Fibroblast Growth Factors In The Developing Central Nervous System
Version of Record online: 12 JAN 2002
Clinical and Experimental Pharmacology and Physiology
Volume 28, Issue 7, pages 493–503, July 2001
How to Cite
Ford-Perriss, M., Abud, H. and Murphy, M. (2001), Fibroblast Growth Factors In The Developing Central Nervous System. Clinical and Experimental Pharmacology and Physiology, 28: 493–503. doi: 10.1046/j.1440-1681.2001.03477.x
- Issue online: 12 JAN 2002
- Version of Record online: 12 JAN 2002
- central nervous system;
- fibroblast growth factor receptors;
- fibroblast growth factors;
- neural precursor cell proliferation;
1. It is now clear that members of the fibroblast growth factor (FGF) family have multiple roles during the formation of the central nervous system (CNS).
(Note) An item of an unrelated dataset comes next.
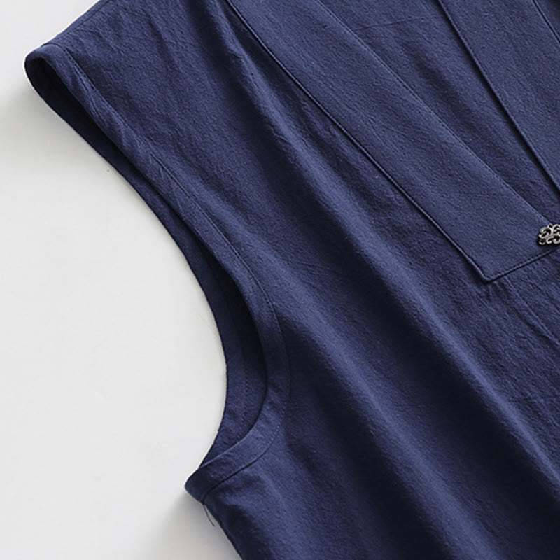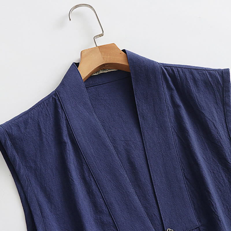 Buddha Stones 2Pcs Fall Solid Long Sleeve Men's Taoist Long Robe Lace-up Kimono Sleeveless Vest Qigong Ceremony Suit - image 7

2. There are at least 23 members of the FGF family and, of these, 10 are expressed in the developing CNS, along with four FGF receptors (FGFR-1–4).
3. The present review discusses the roles of these FGFs, with emphasis on FGF-2, FGF-8, FGF-15 and FGF-17. Fibroblast growth factors-2 and -15 are generally expressed throughout the developing CNS, whereas FGF-8 and FGF-17 are tightly localized to specific regions of the developing brain and are only expressed in the embryo during the early phases of proliferation and neurogenesis.
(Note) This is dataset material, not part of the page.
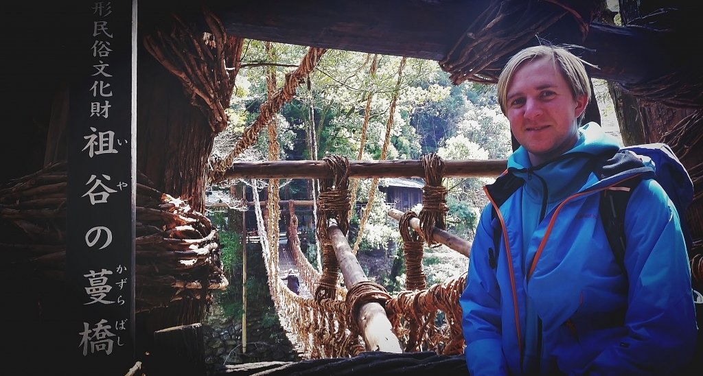 二日目は、早く起きて徳島に向けた普通電車に旅を続けた。大歩危駅に着いてバスに乗って滑りやすくて雪路山々まで(私は一人だけの客)。1時間後かずら橋に到着して、すばらしくて古い橋が見えました。その後、第二の目標、周囲の山々の壮大な景色を望む屋外温泉へ1キロぐらい歩きました。温泉は、かずら橋ホテルからロープウェイの車に乗って行きました。また、客は私だけでした!讃岐財田に帰って、赤鬼というローカルな居酒屋に新しい友達のとしあきさんとずしさんと一緒に飲みに行きました。そしてこの素敵な一日を終えました。

4. Expression studies on FGFRs in the chick and mouse indicate that FGFR-1 is most generally expressed, whereas FGFR-2 and FGFR-3 show highly localized but changing patterns of expression throughout CNS development. The FGFR-4 has been localized to the developing CNS in fish but not at a detailed level, as yet, in chick or mouse.
5. A picture is emerging from these studies that particular FGFs signal through specific receptors in a highly localized manner to regulate the development of different regions of the brain.
6. This picture has been demonstrated so far for the developing cortex (FGF-2–/– mice), the forebrain and midbrain (FGF-8 hypomorphs) and the cerebellum (FGF-17/FGF-8 mutant mice). In addition, generation of mutant animals deleted for FGFR-1 and FGFR-2b IIIb demonstrate their importance in FGF signalling.
7. However, there are significant gaps in our knowledge of the localization of members of the FGF family and their receptors. More detailed information on the spatio-temporal mapping of FGFs and FGFR isoforms is required in order to understand the molecular mechanisms through which FGFs signal.